At Gamescom, I played through two Hubris demos – the opening sequence and a new sequence set a few hours into the campaign, which puts a much heavier focus on combat. We’ve already covered the former in another hands-on, so I won’t repeat too much previously-tread ground, except to say that most of Jamie’s conclusions still stand true. Hubris doesn’t quite match the visuals of premier titles like Half-Life: Alyx and Lone Echo II, but it does give them an amazing run for their money. This new combat-focused demo, featuring traversal through a rocky canyon environment, is no exception — it’s equally as delightful to look at as the lush and water-laden environments we’ve seen previously. From both demos, one thing is clear: Hubris is visually stunning and expansive, offering a style and quality that feels shockingly close to juggernauts like Alyx.
In terms of the combat gameplay itself, it was a mixed bag. There are two options for guns – a standard pistol and a slightly more automatic option – that both felt satisfying to fire and aim, with good haptic feedback and a satisfying click-y feel to all the actions.

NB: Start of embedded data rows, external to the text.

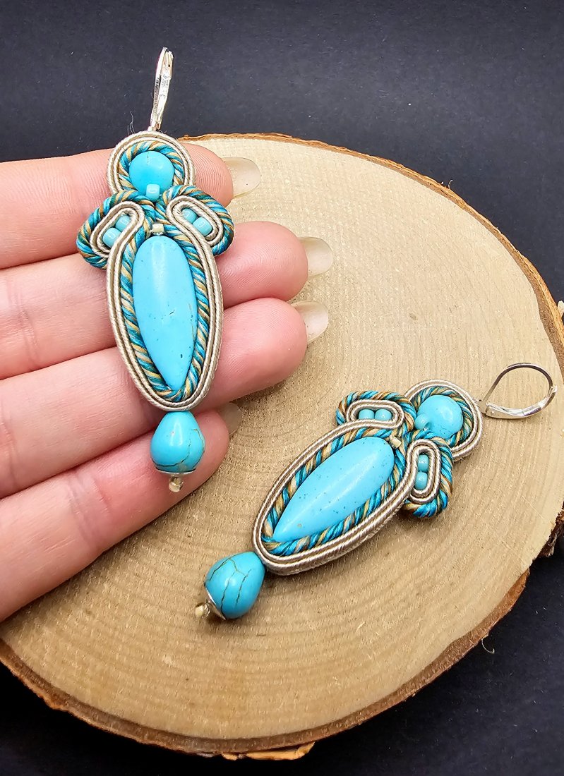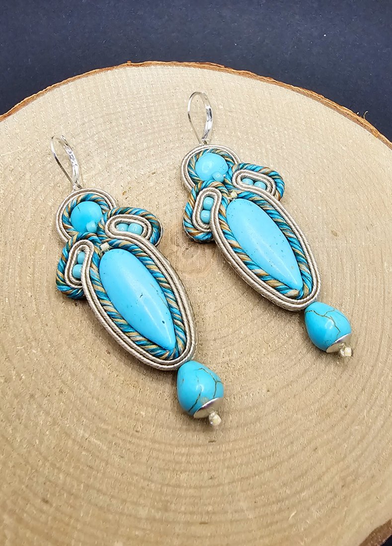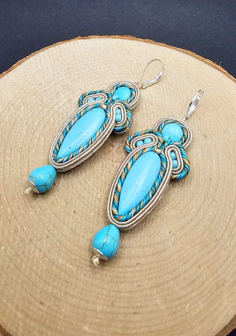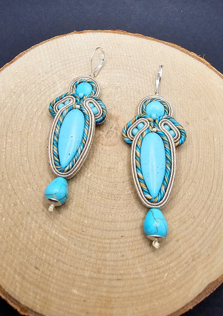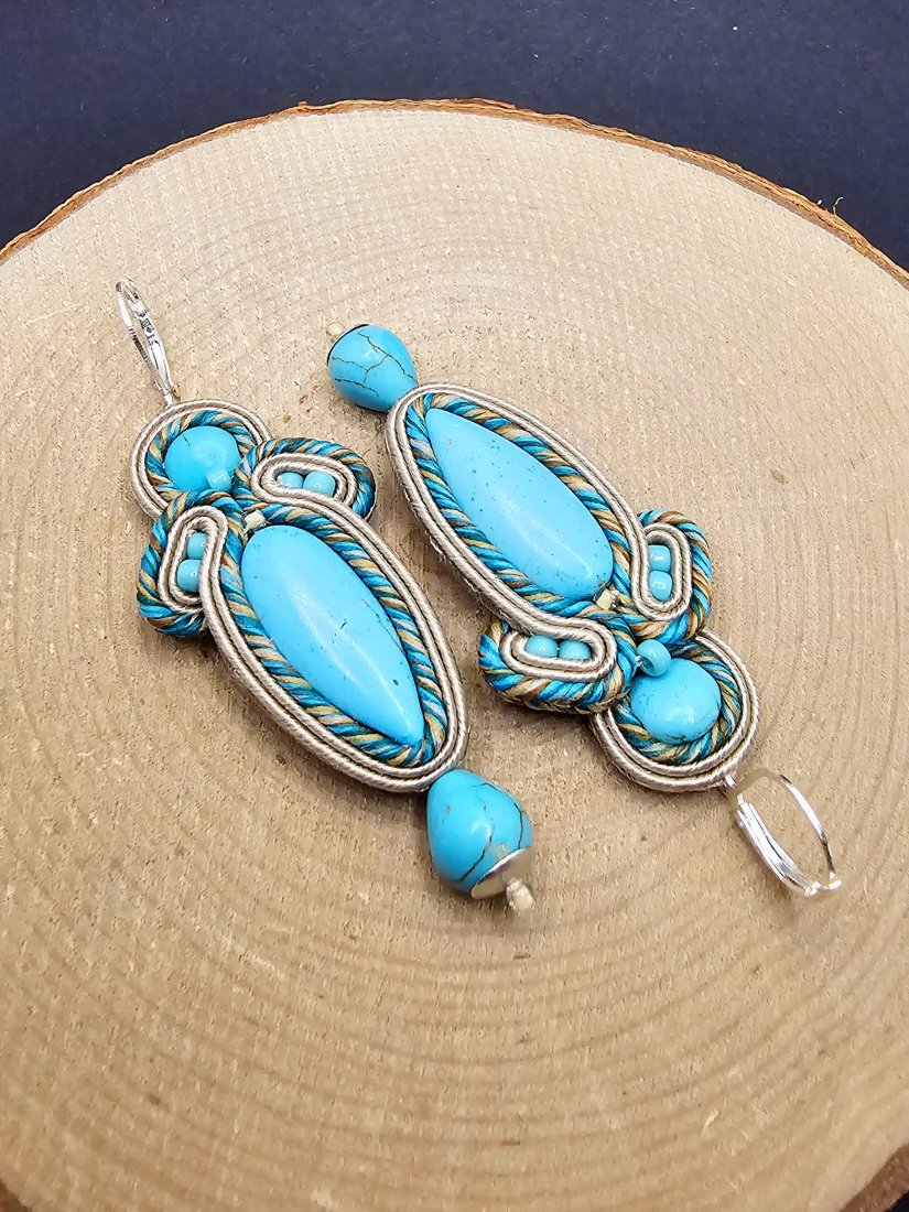Turkusowe kamienie howlitu otoczone sznurkami sutasz oraz szklanymi japońskimi koralikami. Dół kolczyków zdobią niewielkie krople howlitu. Kolczyki zamocowane na metalowych biglach angielskich w kolorze srebrnym.
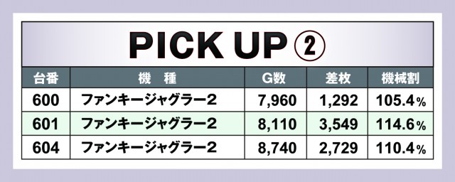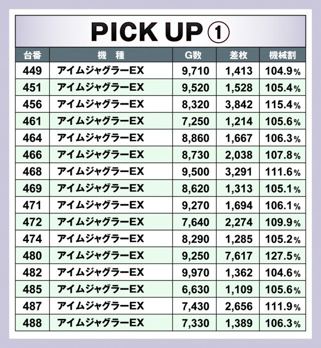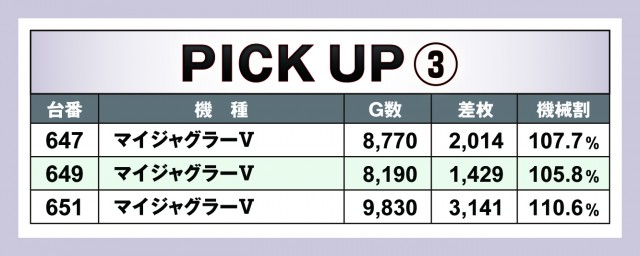 今回のピックアップは3箇所。すべてジャグラーということで、今回の優秀台が列挙されている。どの台がどれくらいの差枚数となったか。機械割はどれくらいになったか。参考にしてもらえれば幸いだ。
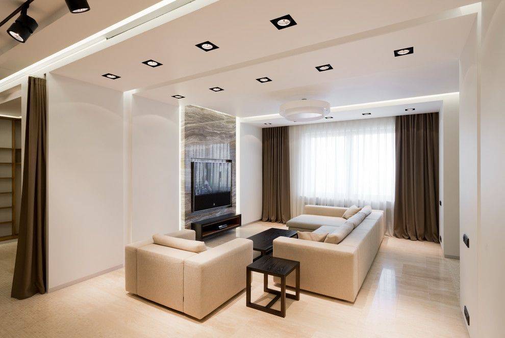 В данном случае возведена небольшая зонирующая конструкция возле стены с окнами. Она подчёркивает условную линию разграничения между кухней и гостиной. Дизайнер применил также потолочное зонирование: в потолок встроена линейная подсветка, явно указывающая на границу.
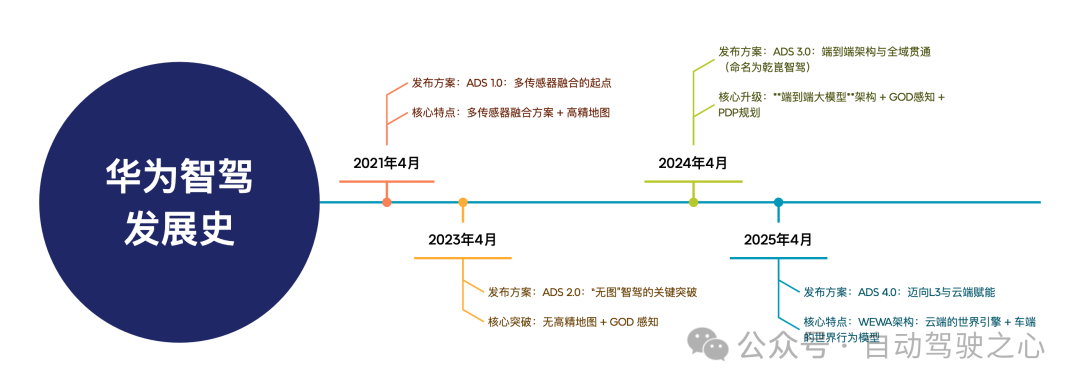华为ADS技术路线的演进,清晰地展现了其从初期的多传感器融合和高精地图依赖,到中期的“无图”化突破和感知算法增强,再到现阶段端到端大模型应用和全域驾驶能力贯通,并最终迈向云端赋能和L3世界模型高阶自动驾驶的历程。

The method for reloading is inventive as well – you simply hold the gun upright next to your head, which gradually reloads your weapon over time. You can choose to partially reload and fire in short bursts, or listen to a well-designed audio cue that indicates the reload progress and will give a distinctive click when the gun is completely full. It’s a great example of intuitive VR design and works wonders in the heat of combat.
You can also restore your health mid-encounter with a similarly thoughtful mechanic – reach over your back, pull out a health drink and physically act out drinking it down. Plus, you can see how much liquid is left inside the bottle, allowing you to only drink a portion if you only need a top-up. Hubris certainly isn’t the first VR game to include this type of mechanic for consuming healing items, but it’s implemented well here.
This is compounded by the fairly terrible AI, which often would see enemies just stand still or forgot they had even seen me after I retreated back to cover. Some enemies would walk around and search for me, while others would stand in one place and didn’t bother to sought me out. Enemies seems, overall, limited in scope and rarely engaged in combat unless I was in their line of sight. It wasn’t abysmal – I’ve played through a lot worse – but it did feel particularly out of place, given how polished the environments and gameplay are otherwise. It lowers the level of immersion and starts to feel more like a programmed game than a constructed virtual world.
Despite those issues, the combat doesn’t ever stop being fun – it may have been a bit repetitive, but the guns feel satisfying enough to shoot that I still enjoyed myself overall. Between the earlier demo and this new combat-focused one, there’s a lot to love about Hubris, but some areas for improvement too. It will be interesting to see if the game can step out of the shadow of its forebearers and find it’s own place in the PC VR pantheon.
Hubris is set to release in 2022 for PC VR, with a Quest version to follow at a later date.